После недолгого размышления аналитик отказал в ее просьбе. Хотя ему были непонятны многие факты, он сомневался в практической необходимости снижать плату, в чем, по ее словам, она нуждалась. Вместе с тем он вполне допускал возможность того, что она может прекратить анализ из-за его отказа. Главная причина отказа состояла в том, что он не хотел оказывать свои профессиональные услуги за еще более низкую плату или на тех условиях, которые она предлагала. Он понимал, что терапевтическая ситуация может теперь не восприниматься Нэнси как доброжелательная и надежная или что она будет считать, что анализ проводится на условиях, которые необходимы ему. Однако он считал, что для достижения терапевтического успеха они необходимы им обоим. В течение относительно короткого времени Нэнси устроилась на более удовлетворительную и лучше оплачиваемую работу, и она стала относиться к проблеме регулирования своего бюджета как к неотъемлемой части анализа.

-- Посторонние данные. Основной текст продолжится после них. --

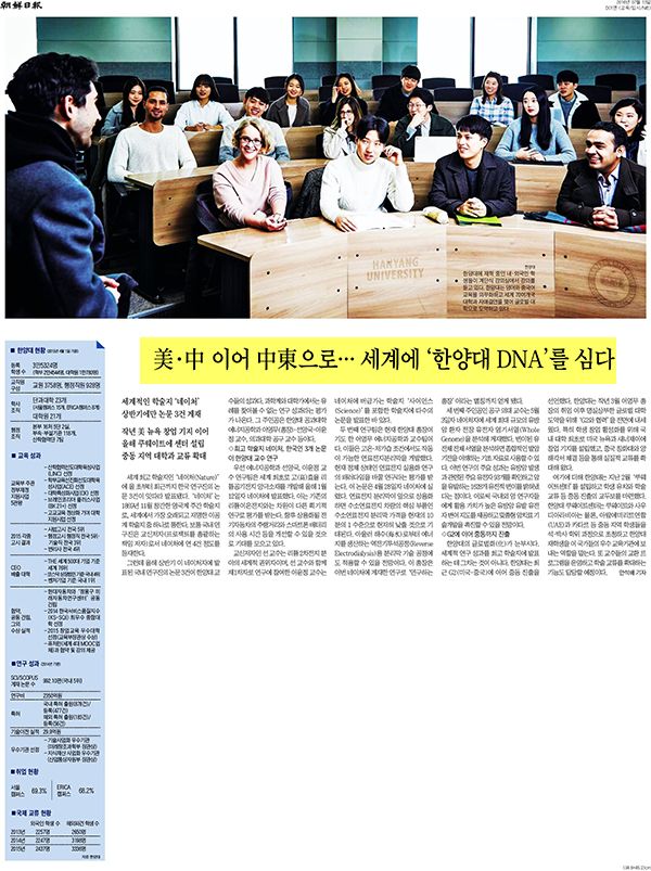 7월 13일 <조선일보>에서는 한양대 특집이 전해졌습니다. 한양대는 학생 창업 활성화를 위해 국내 대학 최초로 미국 뉴욕과 새너제이에 창업 기지를 설립했고, 중국 칭화대와 양해각서 체결 등을 통해 실질적 교류를 확대해 왔습니다. 여기에 더해 한양대는 지난해 '쿠웨이트센터'를 설립하고 학생 유치와 학술 교류 등 중동 진출의 교두보를 마련했습니다. 또한 한양대는 명품 강의를 인터넷에 탑재해 '강의의 글로벌화'도 지향하고 있는데요. 이를 위해 한양대는 서울대, 연세대, 고려대를 비롯해 국내 10개 대학과 함께 한국형 온라인 공개강좌 K-MOOC를 올해부터 본격적으로 시작했습니다. 또한 세계 4대 무크중 하나인 퓨처런과 강의 제공 협약을 맺음으로써 세계 의 모든 학생에게 한양대의 우수한 교수진과 좋은 강의를 제대로 보여주기 위해 노력하고 있습니다.

Атмосфера дружелюбия, надежности и безопасности должна быть не только на начальной стадии терапии. Мы, аналитики, должны постоянно уделять внимание тому, как мы устанавливаем контакты во время анализа. Атмосфера дружелюбия и надежности может быть поставлена под угрозу тем, как аналитик отвечает на потребность или желание пациента получить информацию. Несмотря на возражения Стоуна, обсуждавшего проблемы аналитической техники (Stone, 1961), ответы на вопросы пациента продолжают приравниваться к удовлетворению потребности пациента, которое может снижать его мотивацию подвергнуть себя анализу.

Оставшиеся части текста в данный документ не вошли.